My Dr. put me on 1/2 dose of pegasys and co pegasys for 2 wks, and just to let you know ,half dose makes you feel just as bad, so unless there is a good reason not to, go for it. He told me why he put me on half dose, but I was so happy he was going for 72 wk tx I forgot what it was, but I'm on the 72 wk tx now.
The average IS a 50% cure rate for geno1 (depending on SVR predictors like age, weight, how long, how far liver damage(fibrosis) etc. not just for Dr. C.
I completely agree with what the two above have said. It goes against the grain of everything we know I think. It's contrary to what Dr. Jacobson said in fact and if I were to pick one of those doctors - well obviously.......
We are all aware of Dr. C and several members have written to him in the past.
There really is NO EASY ALTERNATIVE TYPE TREATMENT that will cure HepC. If you decide to go for treatment in fact...the best thing you can do is take as much meds as the doctor prescribes, not miss a dose ever and not dose reduce (especially in the first 12 weeks) and just stay the course.
It's not easy but instead of looking for a shortcut type thing - put the energy into doing the treatment and killing the disease.
IF there were an EASY(ier) cure...we would ALL be doing it instead...but there is NOT.

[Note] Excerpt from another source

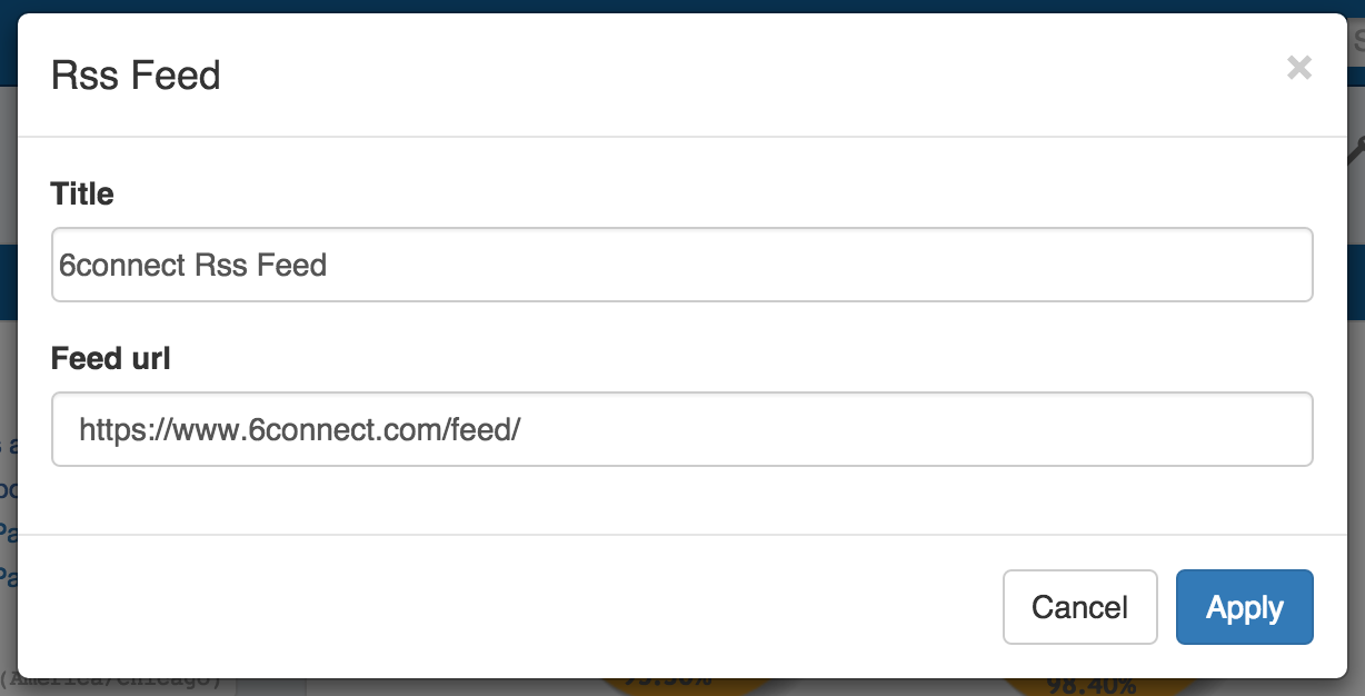 Shows the most recent five entries of a selected RSS Feed. Feed links open in a new window when clicked.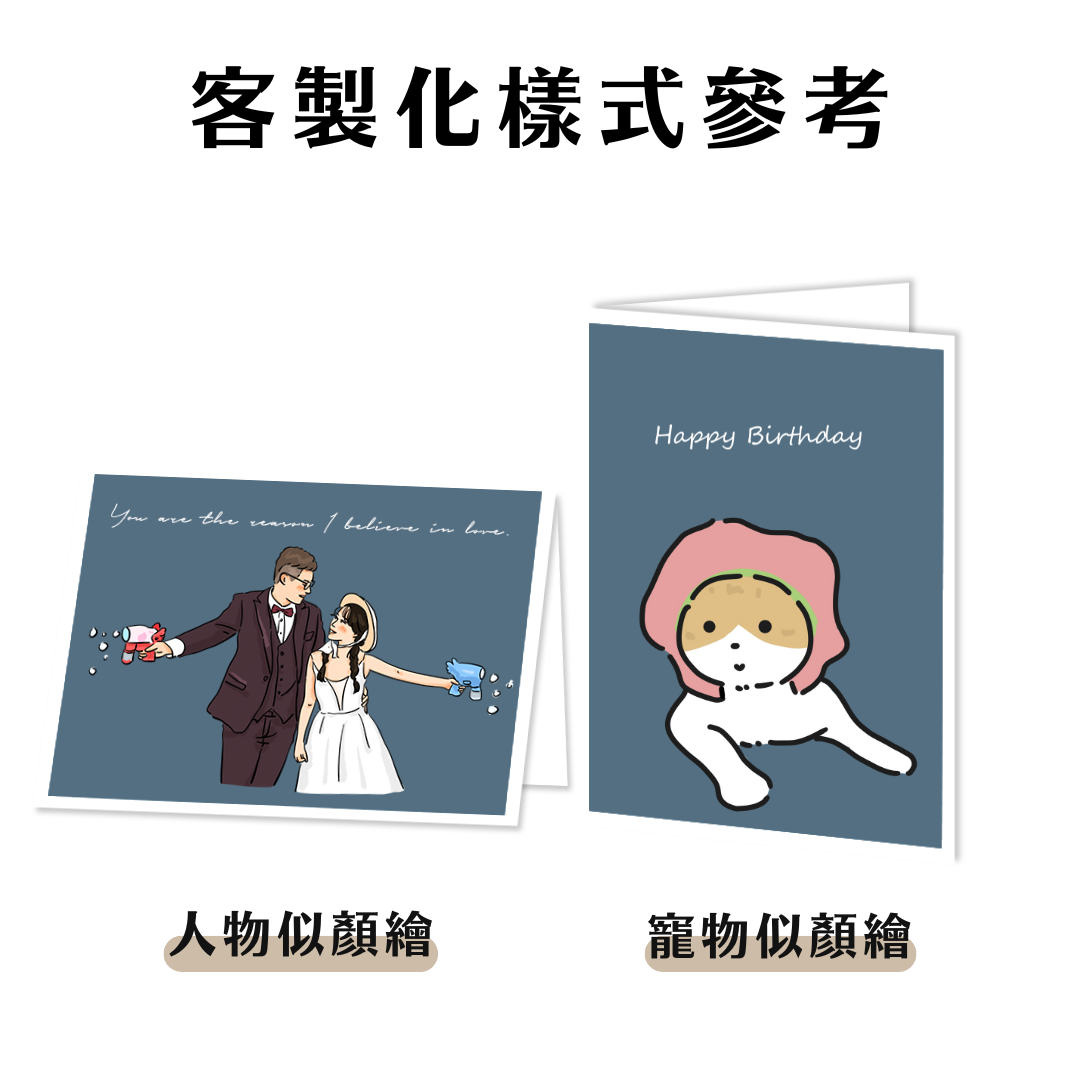 專為客製似顏繪設計的對折卡片,讓你的祝福不只是話語,更是一份精緻收藏

I agree with Kalio. No studies I'm aware of that suggest starting with a lower dose and moving up is better. In fact, hit it hard and early -- with no dose reductions -- seems to be what most of the literature and hepatologists suggest. The interim aim is to achieve RVR (rapid viral response) if at all possible. RVR correlates positively with SVR, i.e. cure. This is not in any way a criticism of Dr. Cecil, but something that you should consider. I spoke to 3-4 heaptologists before making my treatment decision. Maybe a little excessive but I think speaking to more than one may be a prudent path.
All the best luck.
-- Jim
You might want to research that approach a bit as it flies in the face of what most studies I have read say. The "hit it fast hit it hard" approach to tx shows the most success. Ridding yourself of the virus quickly is a strong predictor of SVR so if you go at it slowly and "titer up" it could reduce your chances of SVR. A 50% cure rate is about the average for geno 1 not just for Dr. Cecil's patients.